Kazuki wandered aimlessly through the city when suddenly a poorly dressed boy leapt onto him.
“Ah! What are you doing?! Get off me!” Kazuki shouted, both startled and annoyed.
“What’s this? You don’t even have a single bronze coin in your pocket! You’re even poorer than I am,” the boy scoffed and was about to walk away.
But Kazuki grabbed his arm.
The moment he touched the boy, that wave of foreign memories, thoughts, and pain hit him again, they weren’t his own. The pain struck like lightning. Gasping, he collapsed.
“Ah! That hurts! Please stop… ah, my back…”
The agony that flooded him was so intense, he lost consciousness.
When Kazuki opened his eyes, he was lying on a pile of hay in an old, dusty warehouse. The same boy from earlier stood over him.

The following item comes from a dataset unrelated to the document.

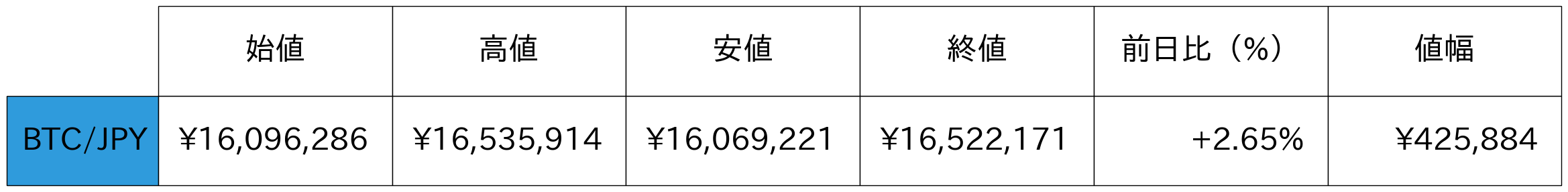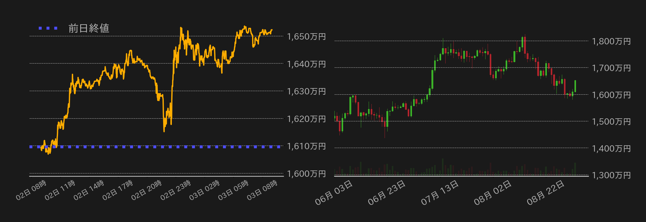 2日のビットコイン(BTC)円は1609万6286円から取引が始まった。東京時間は前日からの買い戻しの流れが続き、短期下降トレンドラインが走る1630万円を回復し、終盤にはドル円相場の上昇も相まって1630万円台後半まで戻した。米国時間に差し掛かると、米株先物の下落に連れて一時1620万円周辺まで反落するも、全米供給管理協会(ISM)が発表した製造業の景気指数(PMI)や雇用指数が景気拡大と縮小の閾値である50を割り込んだことで、FRBによる利下げ期待から相場は1650万円まで反発した。その後は上げ渋る展開となるも、主要経済国の長期債利回りが上昇するなか底堅い推移が続き、終値は1652万2171円と先週末の下げ幅をほぼ奪回した。
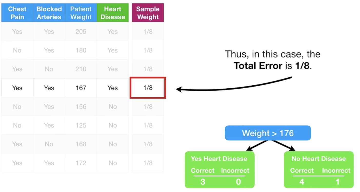 (참고로 Sample Weight의 총 합은 1이다. Total Error 가 0에 가까울 수록 좋은 stump 이고 1에 가까울 수록 나쁜 stump이다.)

“Well, finally awake?” the boy asked with crossed arms, tossing him a piece of old bread with obvious reluctance.
Kazuki, whose stomach had been empty for hours, immediately bit into it, only to choke on it.
“Ow! Are you seriously telling me this is bread?! This is a cannonball!”
The boy grimaced. “Go die! I give you some of my food and you complain?! You’re really ungrateful!”
“How can I not complain when you throw something this hard at my head?! I could’ve died!” Kazuki replied, clearly annoyed.
“Then give it back,” the boy growled and reached for the bread.
Kazuki pulled back. “No, it’s fine! I’ll eat it… somehow.”
“See? That’s more like it.”
The tone stayed rough, but it wasn’t truly hostile, more like tough street friendliness.
“I’m Sebastian. Fifteen. That’s all you need to know for now. And you?”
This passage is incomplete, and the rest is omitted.